TO DO
Copy out the listing below exactly, please, and skip any pictures.

DATA EXCERPT
------------------------------------------------------------
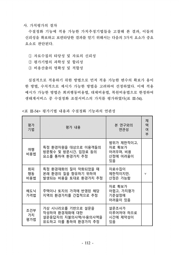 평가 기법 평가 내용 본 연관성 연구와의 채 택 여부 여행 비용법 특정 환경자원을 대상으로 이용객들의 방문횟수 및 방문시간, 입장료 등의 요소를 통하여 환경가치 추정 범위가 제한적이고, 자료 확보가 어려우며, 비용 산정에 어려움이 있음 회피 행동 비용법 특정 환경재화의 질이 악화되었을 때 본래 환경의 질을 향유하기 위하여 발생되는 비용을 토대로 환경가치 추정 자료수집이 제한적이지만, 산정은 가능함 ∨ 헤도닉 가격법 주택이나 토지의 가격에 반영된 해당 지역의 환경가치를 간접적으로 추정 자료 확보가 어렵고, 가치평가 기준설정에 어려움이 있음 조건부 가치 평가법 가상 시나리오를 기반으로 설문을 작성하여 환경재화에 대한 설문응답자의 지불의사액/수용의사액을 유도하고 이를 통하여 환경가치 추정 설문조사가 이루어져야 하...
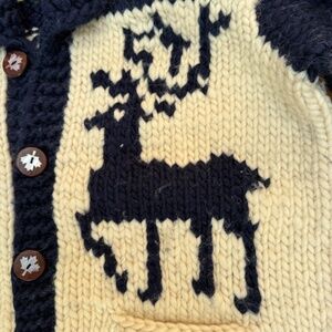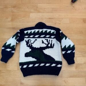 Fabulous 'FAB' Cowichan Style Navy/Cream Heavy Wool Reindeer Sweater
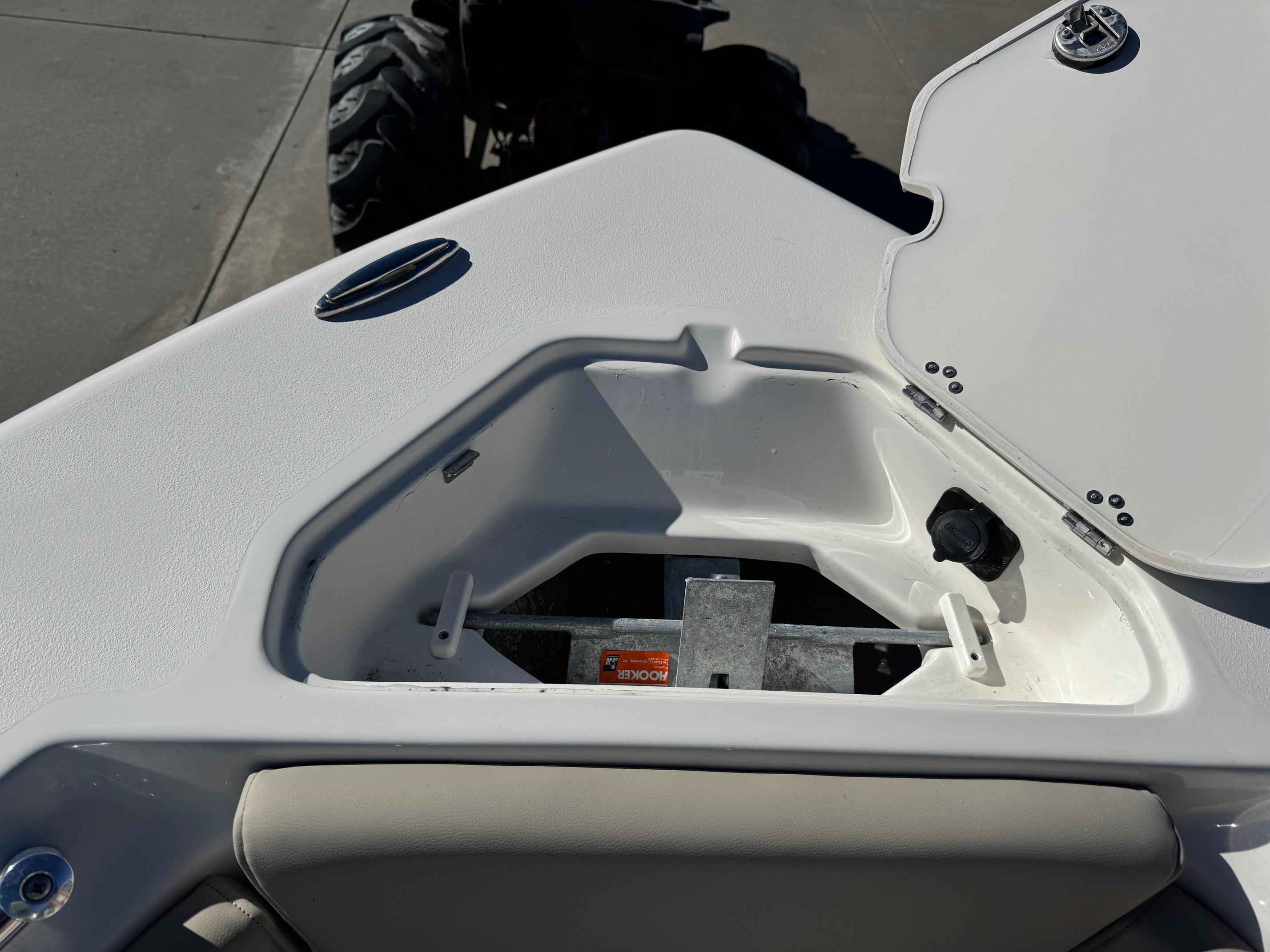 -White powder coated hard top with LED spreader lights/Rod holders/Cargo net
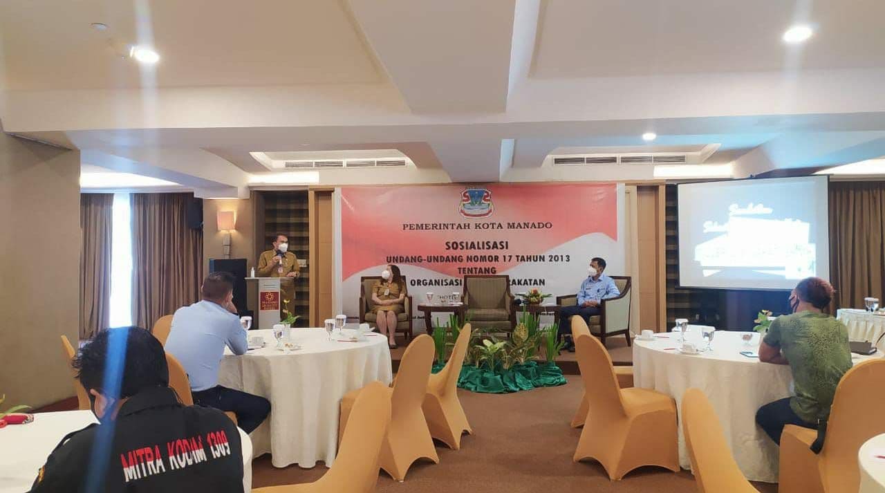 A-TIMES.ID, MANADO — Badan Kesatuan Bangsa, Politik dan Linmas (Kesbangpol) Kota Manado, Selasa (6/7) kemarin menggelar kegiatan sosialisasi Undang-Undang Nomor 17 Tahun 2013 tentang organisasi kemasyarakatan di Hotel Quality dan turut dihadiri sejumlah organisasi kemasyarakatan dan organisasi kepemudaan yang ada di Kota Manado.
------------------------------------------------------------
WRITTEN RESPONSE
 평가 기법 평가 내용 본 연관성 연구와의 채 택 여부 여행 비용법 특정 환경자원을 대상으로 이용객들의 방문횟수 및 방문시간, 입장료 등의 요소를 통하여 환경가치 추정 범위가 제한적이고, 자료 확보가 어려우며, 비용 산정에 어려움이 있음 회피 행동 비용법 특정 환경재화의 질이 악화되었을 때 본래 환경의 질을 향유하기 위하여 발생되는 비용을 토대로 환경가치 추정 자료수집이 제한적이지만, 산정은 가능함 ∨ 헤도닉 가격법 주택이나 토지의 가격에 반영된 해당 지역의 환경가치를 간접적으로 추정 자료 확보가 어렵고, 가치평가 기준설정에 어려움이 있음 조건부 가치 평가법 가상 시나리오를 기반으로 설문을 작성하여 환경재화에 대한 설문응답자의 지불의사액/수용의사액을 유도하고 이를 통하여 환경가치 추정 설문조사가 이루어져야 하...
 Fabulous 'FAB' Cowichan Style Navy/Cream Heavy Wool Reindeer Sweater
 -White powder coated hard top with LED spreader lights/Rod holders/Cargo net
 A-TIMES.ID, MANADO — Badan Kesatuan Bangsa, Politik dan Linmas (Kesbangpol) Kota Manado, Selasa (6/7) kemarin menggelar kegiatan sosialisasi Undang-Undang Nomor 17 Tahun 2013 tentang organisasi kemasyarakatan di Hotel Quality dan turut dihadiri sejumlah organisasi kemasyarakatan dan organisasi kepemudaan yang ada di Kota Manado.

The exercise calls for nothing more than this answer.